Фельдмаршалы Победы. Кутузов и Барклай де Толли | страница 83
Я сожалею единственно о том, что не могу быть полезен армии и лично всем вам, разделившим со мною труды».
Покидая армию за 16 дней до бегства Наполеона из Москвы, Михаил Богданович произнес: «Великое дело сделано. Теперь остается пожать жатву».
Прощаясь с близкими людьми, сказал: «Я вез экипаж в гору, а вниз он скатится сам при малом руководстве».
Карета генерала засим отправилась в путь, который (по невыясненным до сих пор обстоятельствам) оказался хорошо знаком местному люду. Народ встречал карету опального генерала бранными криками и оскорбительными возгласами: «Вот едет виновник Москвы!», «Изменник России», «Немец-предатель». Вслед за крепкой русской руганью в карету Барклая летели камни и палки. Из экипажа сквозь разбитые стекла видны были негодующие злобные взгляды. Так писал по сему поводу Александр Сергеевич Пушкин:
«Я, по крайней мере, не знаю положения более трагичного, более достойного пера Шекспира», — вторил ему А. Н. Витмер.
По приезде в Калугу после столь «горячего народного приема», полагая, что его репутация «позорно заклеймена», Барклай снова обращается к монарху, теперь уже с мольбой «оказать ему благодеяние, как единственную милость, быть совершенно уволенным от службы».
Глава IV
Командовал парадом войск
Наполеон все царство поглотил
И никогда б глотать не утомился,
Да отчего ж теперь он перестал?
Безделица — Россией подавился.
«Русская старина», 1878
В письме, отправленном царю из Калуги, Барклай снова оправдывает свои действия на посту командующего войсками против Наполеона. Суть их все та же: сохранение сил для решающего сражения. Одновременно сетует на то, что замыслу его — дать генеральное сражение у Царёва-Займища — не суждено было сбыться. Между тем последствия оного, по мнению его, могли бы быть гораздо большими, чем Бородинская битва. По крайней мере, Москва была бы непременно сохранена. «Я избегал известное время генерального сражения, — писал он, — вследствие зрело обдуманных оснований и твердо держался этих оснований, не обращая внимания на все разговоры по этому поводу, и я дал бы, наконец, сражение, но не близ Можайска, а впереди Гжатска у Царёва-Займища.
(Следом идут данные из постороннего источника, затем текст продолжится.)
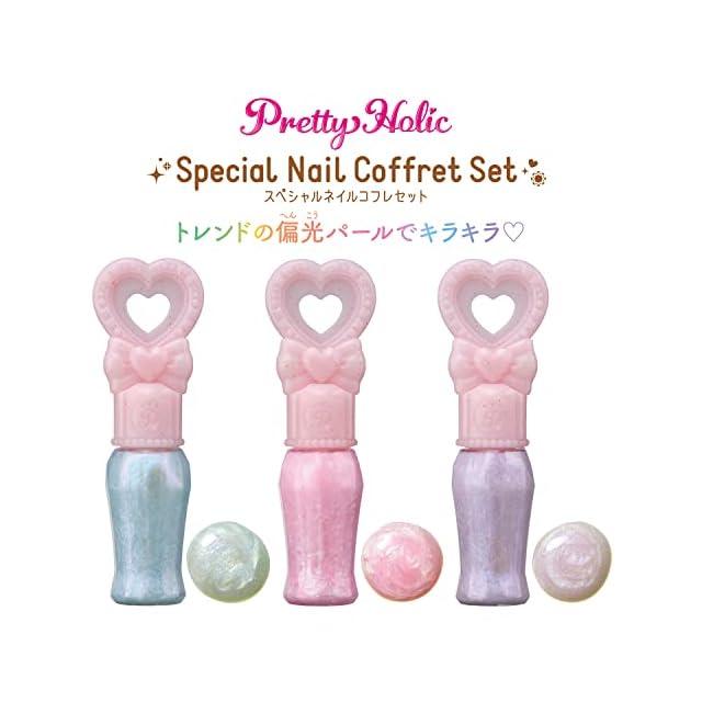 コフレセットは、収納ボックスとこの商品だけのオリジナルカラーのマニキュアが3本と、ネイルシール、ネイルピカピカ♡シートが入ったセットです。

Я уверен, что разбил бы неприятеля, потому что сражение велось бы с сохранением порядка, и в нем командование было бы в единых руках. Мои резервы были бы сбережены до последней минуты, и, если бы даже я испытал неудачу, неприятель никогда не мог бы занять Москву, потому что направление моего отступления было бы не на Москву, а на Калугу».